Deur in het vervallen Franse stadje Bayeux, 23 juli 2014 |
Zwartgallig
is het verhaal Een vrouw en de oorlog (een vervolg) van de Japanse
schrijver Ango Sakaguchi uit 1946. Vervolg betekent dat het een tweede
ongecensureerde versie is. De Amerikaanse bezetter van Japan
streepte twee maanden daarvoor delen uit de eerste.
Sakaguchi
was wars van het Japanse nationalisme, zelfs van kersenbloesem moest
hij niets hebben. Volgens Luc Van Haute - deskundige op het gebied van de Japanse literatuur en vertaler van het verhaal naar het Nederlands - was hij antimilitarist.
Het
verhaal speelt aan het slot van de Tweede Wereldoorlog in een
zwartgeblakerde omgeving. Zwart zijn ook de donkere inktwolken waarmee het wordt geschreven.
Achtergebleven
oude mannen proberen een slaatje te slaan uit de oorlog. “Hun
overlevingsdrang was te vulgair voor woorden. (…) Die kerels
haatten de oorlog omdat ze geen zoetigheden konden eten, zich niet
lustig konden amuseren en krap bij kas zaten, maar ze waren alleen om
zichzelf bekommerd, en al de anderen, hun landgenoten, net zo goed
als de rest van de wereld, mochten liefst zo snel mogelijk creperen.”
De
hoofdpersoon, een vrouw van lichtere zeden, zoekt de bescherming van
een man die ze liefheeft, maar waarvan ze denkt dat hij haar na de
oorlog zal verlaten voor een nette vrouw.
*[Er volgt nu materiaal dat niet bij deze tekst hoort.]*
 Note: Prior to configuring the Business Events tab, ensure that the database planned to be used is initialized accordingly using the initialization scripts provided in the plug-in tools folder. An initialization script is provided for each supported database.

Ze geniet van alles wat
zwart wordt en roept de Amerikanen sarcastisch op met nog meer
vernietigingskracht de boel plat te gooien.
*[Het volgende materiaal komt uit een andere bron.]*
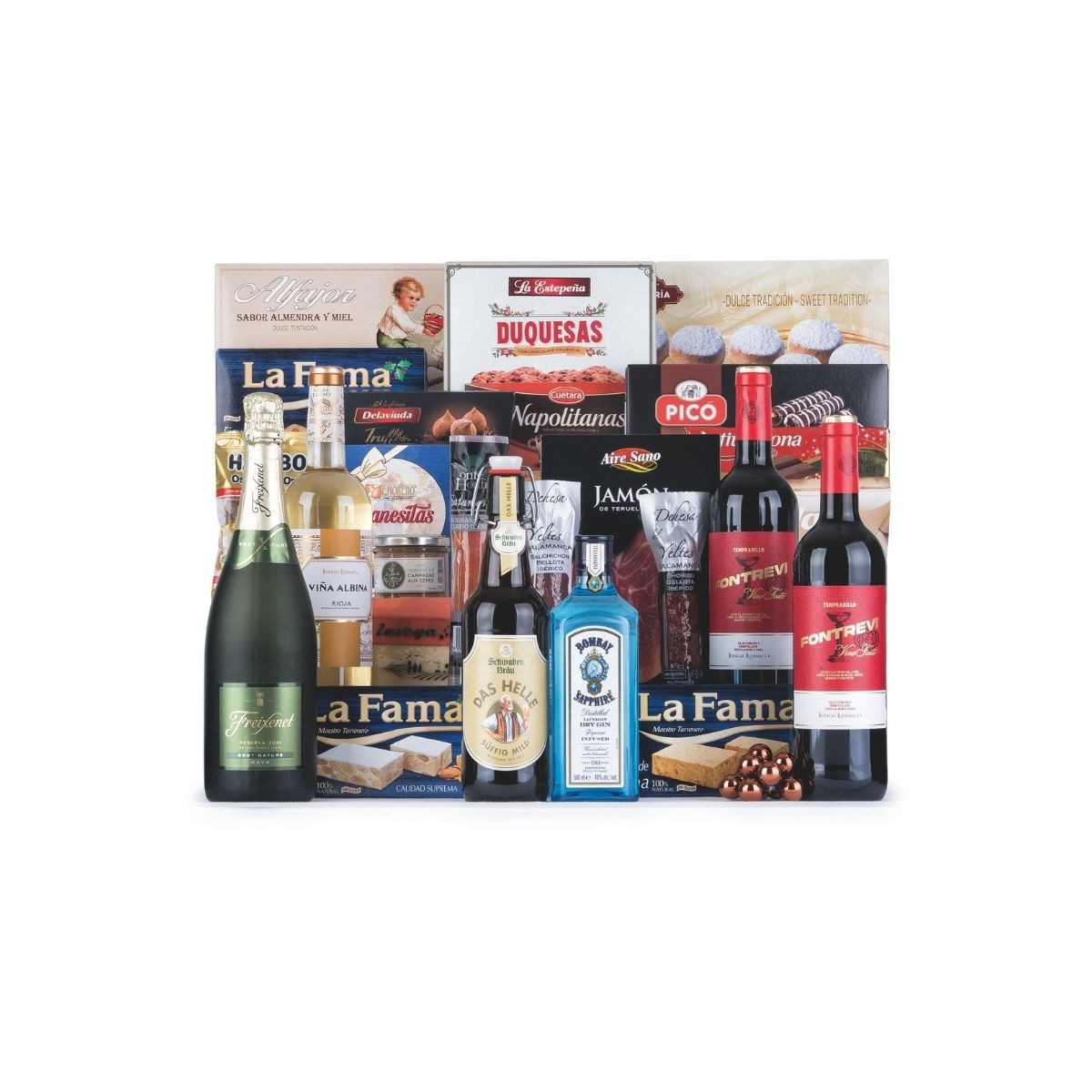 Nuestro Lote de Navidad Surtido está diseñado para quienes saben apreciar lo mejor en calidad. Cada elemento ha sido seleccionado cuidadosamente para garantizar que se satisfacen los gustos de los más exigentes. Un lote de navidad surtido que combina tradición y modernidad, ofreciendo productos que son tan deliciosos como vistosos: turrones, cava, ginebra, jamón loncheado, ¡para no levantarse de la mesa!

Het verhaal heeft haakjes die in mijn hoofd blijven hangen. Precies 69 jaar
geleden werd de eerste atoombom geworpen, een voorval nog zwarter dan
een tekst kan zijn, maar dit verhaal zet het literair kracht bij. Geen wonder dat hij niet ongekuist mocht verschijnen.De macht houdt niet van kritiek zelfs niet in literaire vorm.